The one-time Sydney entertainment institution was trendily refurbished for Wednesday night's reopening party.
The Glebe hotel opposite the paceway hosted some of the world's top comedy acts and writers in the '80s and '90s and many of Sydney's up-and-coming bands.
English comic Ben Elton performed there and Hollywood star Robin Williams dropped in for one or two impromptu slots. Australian authors Peter Carey and Thomas Keneally spoke there.
Comedian Akmal once described the Harold Park as "the best venue ever".
"Not only did the Harold Park have a great atmosphere but it also attracted a very intelligent, respectful audience. It gave the opportunity to performers whose style did not suit the aggressive vibe of a typical Sydney pub, such as Andrew Denton, Stephen Abbott [The Sandman], Paul Livingstone [Flacco], Bob Downe and Mikey Robins."

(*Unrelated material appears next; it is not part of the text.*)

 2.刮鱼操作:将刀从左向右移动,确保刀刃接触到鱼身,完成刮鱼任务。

Former licensee Simon Morgan said he sold and closed the pub in 1999 because Leichhardt Council refused to extend his licence to midnight. The pub will now stay open until midnight on Friday and Saturday nights.

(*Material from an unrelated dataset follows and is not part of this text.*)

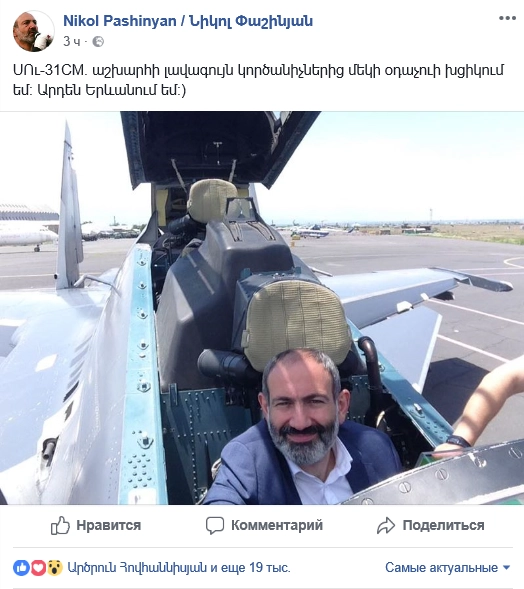«В кабине пилота одного из лучших истребителей в мире. Я уже в Ереване», — написал армянский премьер на своей странице в Facebook под размещенной там фотографией.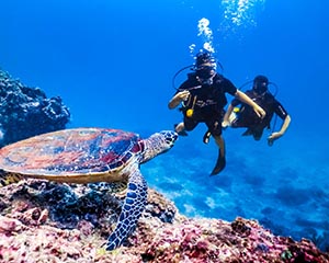 В прозрачной воде свой риф, красивые кораллы, плавают разноцветные рыбки. Можно увидеть акул, черепах. В дайвинг-центре ласты и маски выдают бесплатно.

The hotel was sold with an approved development application for serviced apartments behind the hotel, and it was presumed the pub would stay closed. It was a sad time in Sydney's entertainment scene, with many pubs closing their doors to live entertainment and embracing poker machines.

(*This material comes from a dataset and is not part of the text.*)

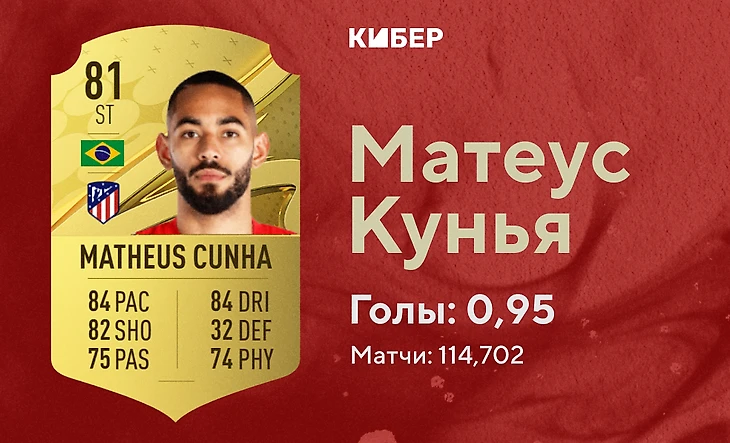 Вы вряд ли помните Матеуса Кунью. Нападающий ярко играл за «Герту», но сник в «Атлетико» и отправился в аренду в «Вулверхэмптон». В FIFA он получил неплохую карту, которой недостает только баланса. Сейчас Кунья явно уступает бывшему одноклубнику Анхелю Корреа и почти не встречается в составах.

The site went through a number of hands before ending up with developers Barton Corporation - Bob Barton and his sons John and Jeff - in 2004.
"We're gonna turn [the Harold Park Hotel] back into the way it was," John Barton, 36, said.
Comedians Chris Franklin, Pizza star Tahir and Footy Show regular Mick Meredith have already performed at the pub's free Tuesday night comedy, and Barton said there were plans to also bring back the pub's other nights, including Writers in the Park, Politics in the Pub and Poetry in the Park.
But his motives for trying to restore the pub to its glory days aren't altruistic.
"We like cash flow," he said. "The pub's got a lot of potential. There's not many hotels you can buy that come with that sort of name. The majority people know the Comedy Club. Last Tuesday we packed it out."
The pub also hosts covers bands and plan to increase the number of poker machines from eight to 18.
That probably won't please Whitlams frontman Tim Freedman, who played a residency there in 1986 with his band Penguins on Safari and later had a hit with Blow Up the Pokies.
"I remember being down there one night when [left-wing author] Frank Hardie was speaking and the cops came for his parking fines," Freedman said. "Everyone surrounded the paddy wagon not knowing that Frank should have paid his fines. It wasn't two fines; it was $3000 worth."